=== Section Start ===

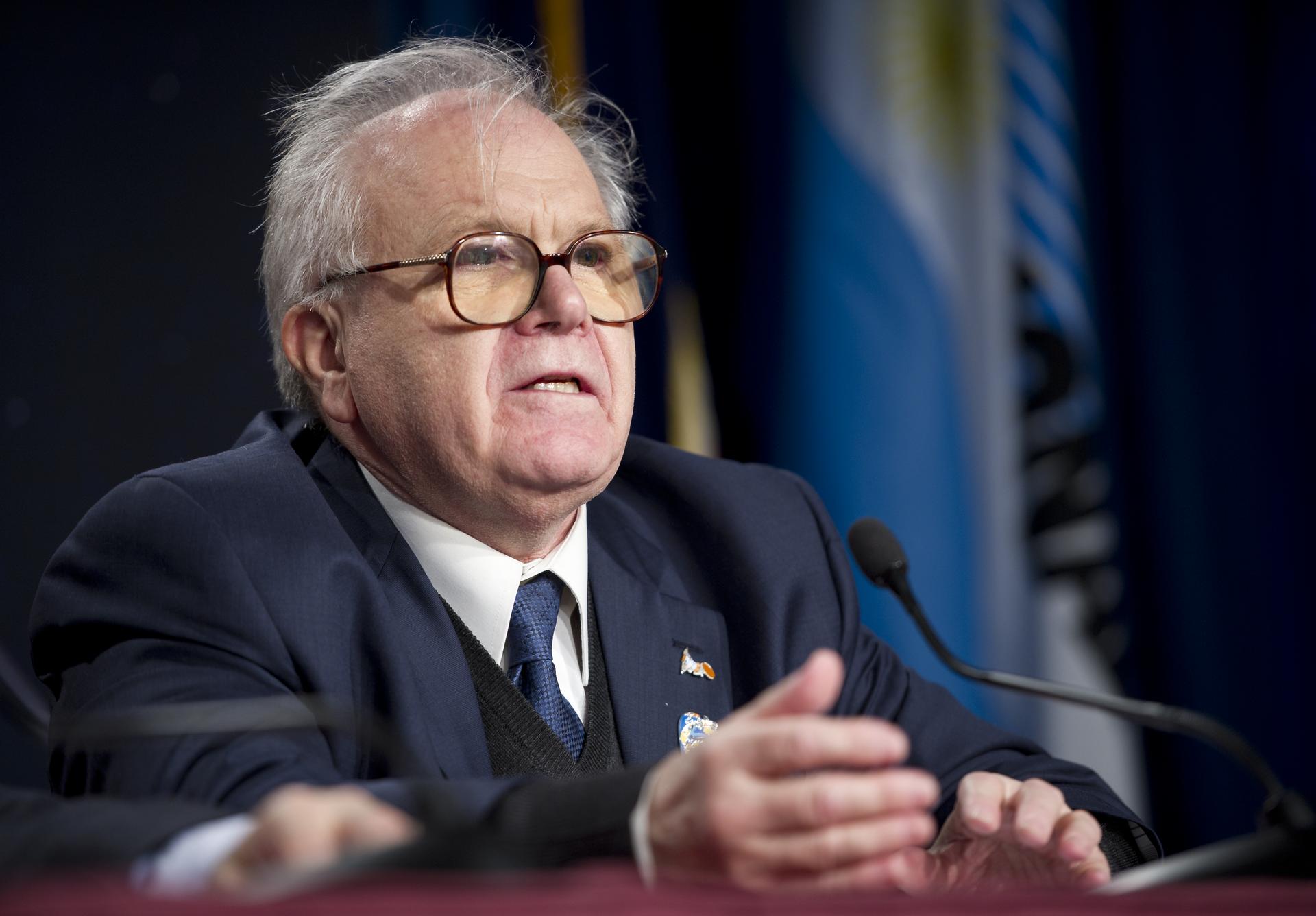 Conrado Varotto, CONAE Executive and Technical Director, Buenos Aires, talks during the Aquarius/SAC-D post-launch press conference on Friday, June 10, 2011 at the NASA Resident Office, Vandenberg Air Force Base, Calif. The joint U.S./Argentinian Aquarius/Satélite de Aplicaciones Científicas (SAC)-D mission, launched earlier on Friday June 10, will map the salinity at the ocean surface, information critical to improving our understanding of two major components of Earth's climate system: the water cycle and ocean circulation. Photo Credit: (NASA/Bill Ingalls)
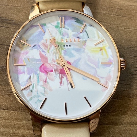 Womens Ted Baker te50494002 Floral Dial Gold Tone Leather Watch.
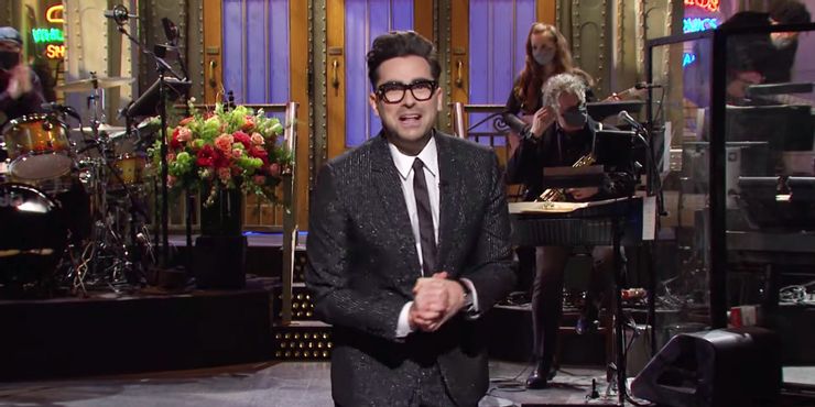 En febrero de 2021, Levy presentó un episodio de la temporada 46 de SNL. Hilarantemente entretuvo a la audiencia con bromas sobre la pandemia mientras lo golpeaban con un fideo de piscina de seis pies. También bromeó sobre su nueva fama tras el éxito de Cala de Schitt. El padre de Levy incluso hizo un cameo, apareciendo atrapado en una caja de aislamiento después de volar para ver a su hijo presentar el programa. El episodio fue un gran éxito, y a Levy incluso se le atribuyó el inicio de la tradición de dejar una nota para el siguiente presentador, pero luego desmintió la teoría.
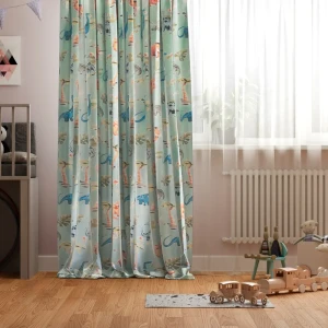 Штора на ленте Динозавры 140x260 см цвет зеленый
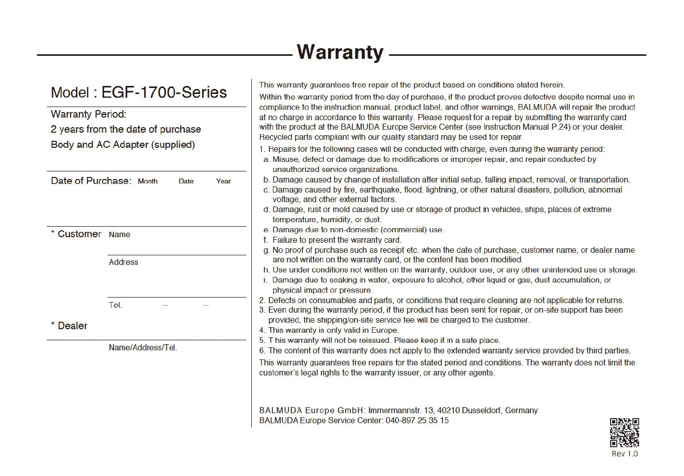 wit h t h e pr o d u ct at t h e B A L M U D A E ur o p e S er vi c e C e nt er ( s e e I n str u cti o n M a n u al P. 2 4) or y o ur d e al er.

=== Section End ===

# Goal of the exercise:
Set down word for word every line from the one containing "Womens Ted Baker" through the last line of the records above, both ends included. Leave out the pictures.

# Solution for this exercise:
 Womens Ted Baker te50494002 Floral Dial Gold Tone Leather Watch.
 En febrero de 2021, Levy presentó un episodio de la temporada 46 de SNL. Hilarantemente entretuvo a la audiencia con bromas sobre la pandemia mientras lo golpeaban con un fideo de piscina de seis pies. También bromeó sobre su nueva fama tras el éxito de Cala de Schitt. El padre de Levy incluso hizo un cameo, apareciendo atrapado en una caja de aislamiento después de volar para ver a su hijo presentar el programa. El episodio fue un gran éxito, y a Levy incluso se le atribuyó el inicio de la tradición de dejar una nota para el siguiente presentador, pero luego desmintió la teoría.
 Штора на ленте Динозавры 140x260 см цвет зеленый
 wit h t h e pr o d u ct at t h e B A L M U D A E ur o p e S er vi c e C e nt er ( s e e I n str u cti o n M a n u al P. 2 4) or y o ur d e al er.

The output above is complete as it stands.